Do you ever get something in your head and no matter what you do, you just can’t shake it? I have been searching for a scripture for two weeks now that my pastor (the wonderful Bro. Woods of Grace Baptist Church) mentioned during a sermon that kept me crying that whole Sunday. I cried with hope, praise and revelation. The message was on letting go of the past, living in the present, and on the promise of the future. After such a horrible year, I have, no doubt lived in the past. Not just the bad things but the good things too. Wishing that the successes of previous years had not vanquished so quickly and pitying me and my family for our trials. In that message I learned that I needed to acknowledge what I had been through (good and bad) give thanks to God that I made it through and appreciate what I had NOW. I needed to stop grieving the past and have hope in what was to come. When you deal with a chronic illness, that is not an easy task, but if you let go and let God, it is just that simple. You won’t forget but you will learn and move on. In this sermon, the scripture that Bro. Woods mentioned made me want to keep it close and teach it to Colby. I want a scripture for each of my children, but this was the first one to touch me.

Jer. 29:11-13

“For I know the plans I have for you,” declares the Lord, “plans to prosper you and not to harm you, plans to give you hope and a future. Then you will call upon me and come and pray to me, and I will listen to you. You will seek me and find me when you seek me with all your heart.”

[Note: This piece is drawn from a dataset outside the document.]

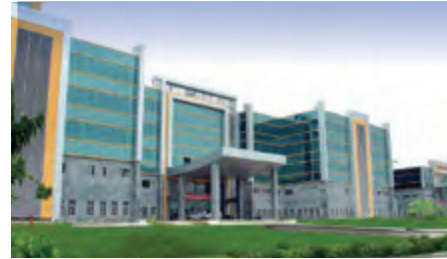
Salem Medical College

HITES also provides procurement and consultancy services to Government of India, State Governments and other institutions for procuring a range of healthcare and hospital products, equipment and devices. It is designated as a National Procurement Support Agency (NPSA). With a team of highly qualified and experienced professionals, it has proven expertise to undertake consultancy assignments including bid process management, procurement of goods, as well as project planning and monitoring. HITES has widened its gamut of operations to provide wide range of procurement services with accuracy, speed and utmost transparency. Today it extends its expertise to clients in building qualitative and reliable healthcare facilities in India and other developing countries.

I wanted Colby to see in God’s word that there was a plan for him, that he could have hope in his future no matter what hurt was to come. That when he needed to turn to someone that God would be there to listen. This is true for all for all of us, my prayer is that I, Colby, you, seek God with all your heart and know that God is there to listen and that He has a plan for you, He gives you hope and He has a future for you. Pray and Believe.